* Exercise objective
Your copy should match the records exactly, apart from the pictures, which stay out.

Saved entries:

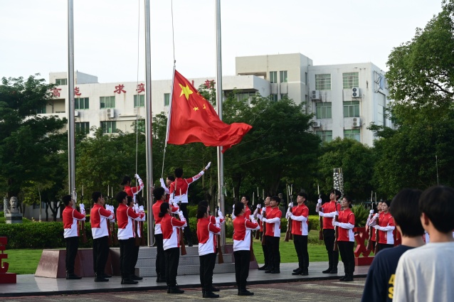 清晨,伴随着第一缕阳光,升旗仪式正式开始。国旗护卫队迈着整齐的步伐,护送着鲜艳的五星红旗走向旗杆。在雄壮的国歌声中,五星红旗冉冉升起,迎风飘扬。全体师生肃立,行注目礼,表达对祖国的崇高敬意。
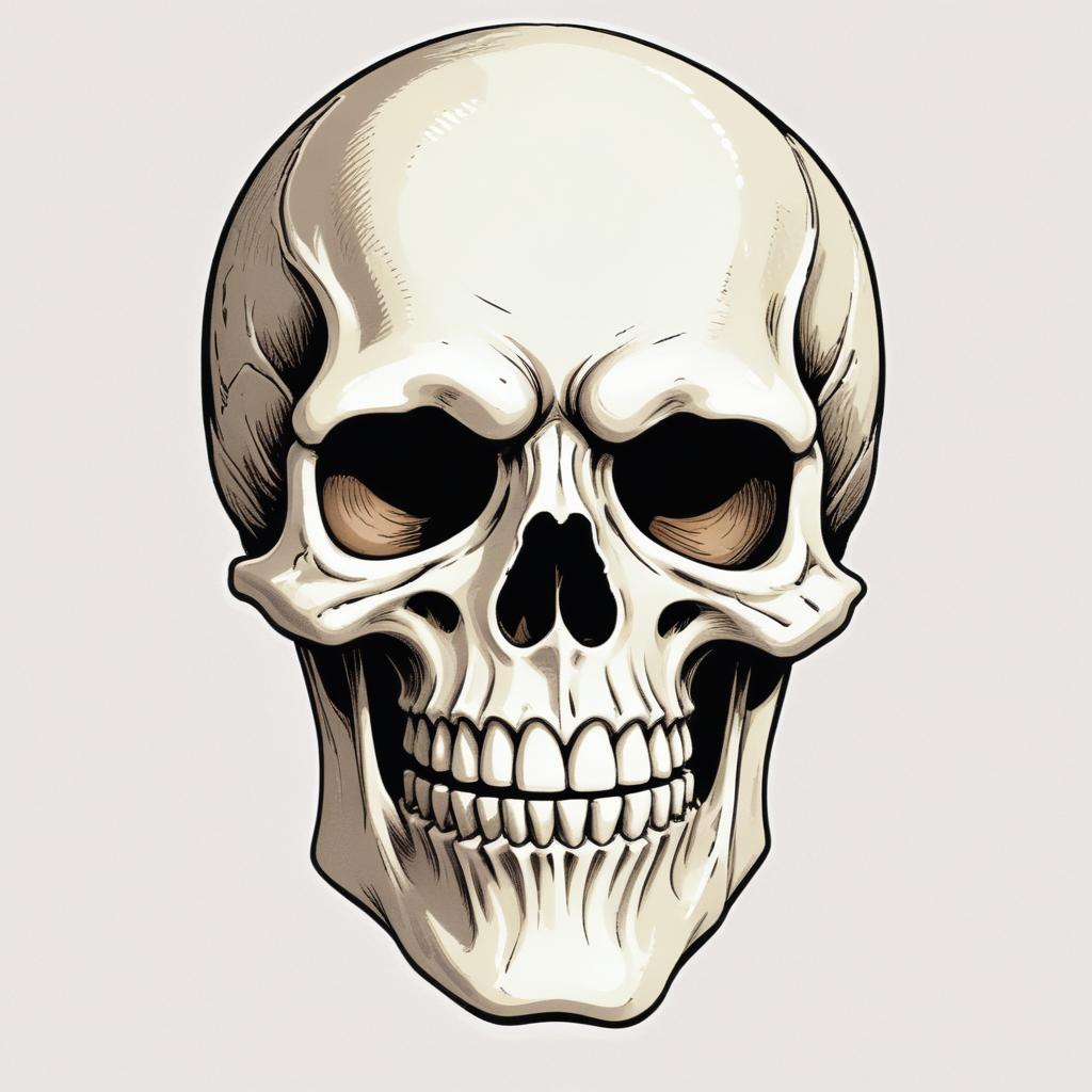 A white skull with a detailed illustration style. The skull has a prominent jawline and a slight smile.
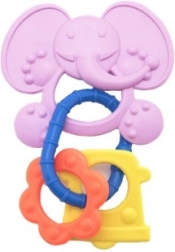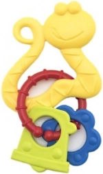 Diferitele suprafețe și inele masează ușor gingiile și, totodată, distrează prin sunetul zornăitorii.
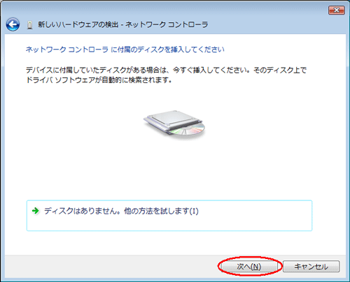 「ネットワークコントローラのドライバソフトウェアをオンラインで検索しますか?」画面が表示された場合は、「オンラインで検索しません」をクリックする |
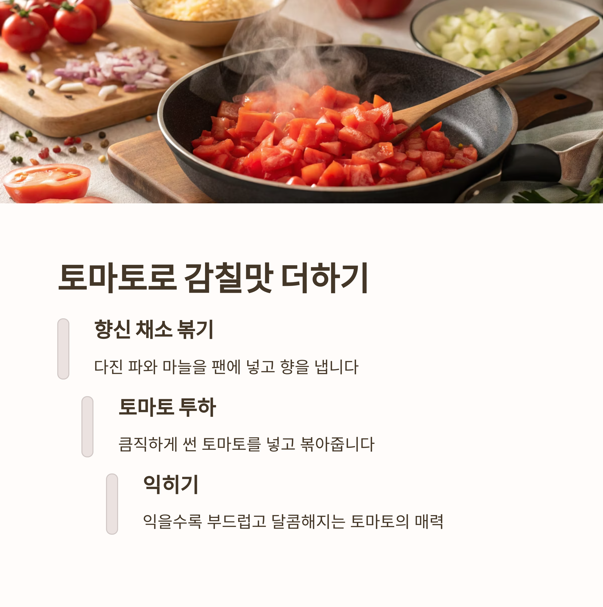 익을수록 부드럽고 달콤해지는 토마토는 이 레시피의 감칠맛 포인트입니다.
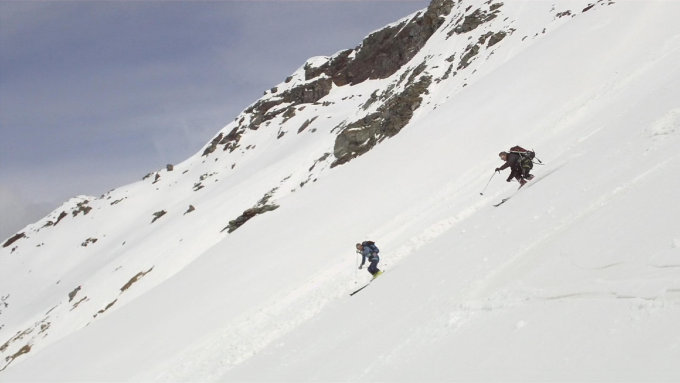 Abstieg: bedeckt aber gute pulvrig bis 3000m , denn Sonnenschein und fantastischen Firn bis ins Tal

* Exercise output
 清晨,伴随着第一缕阳光,升旗仪式正式开始。国旗护卫队迈着整齐的步伐,护送着鲜艳的五星红旗走向旗杆。在雄壮的国歌声中,五星红旗冉冉升起,迎风飘扬。全体师生肃立,行注目礼,表达对祖国的崇高敬意。
 A white skull with a detailed illustration style. The skull has a prominent jawline and a slight smile.
 Diferitele suprafețe și inele masează ușor gingiile și, totodată, distrează prin sunetul zornăitorii.
 「ネットワークコントローラのドライバソフトウェアをオンラインで検索しますか?」画面が表示された場合は、「オンラインで検索しません」をクリックする |
 익을수록 부드럽고 달콤해지는 토마토는 이 레시피의 감칠맛 포인트입니다.
 Abstieg: bedeckt aber gute pulvrig bis 3000m , denn Sonnenschein und fantastischen Firn bis ins Tal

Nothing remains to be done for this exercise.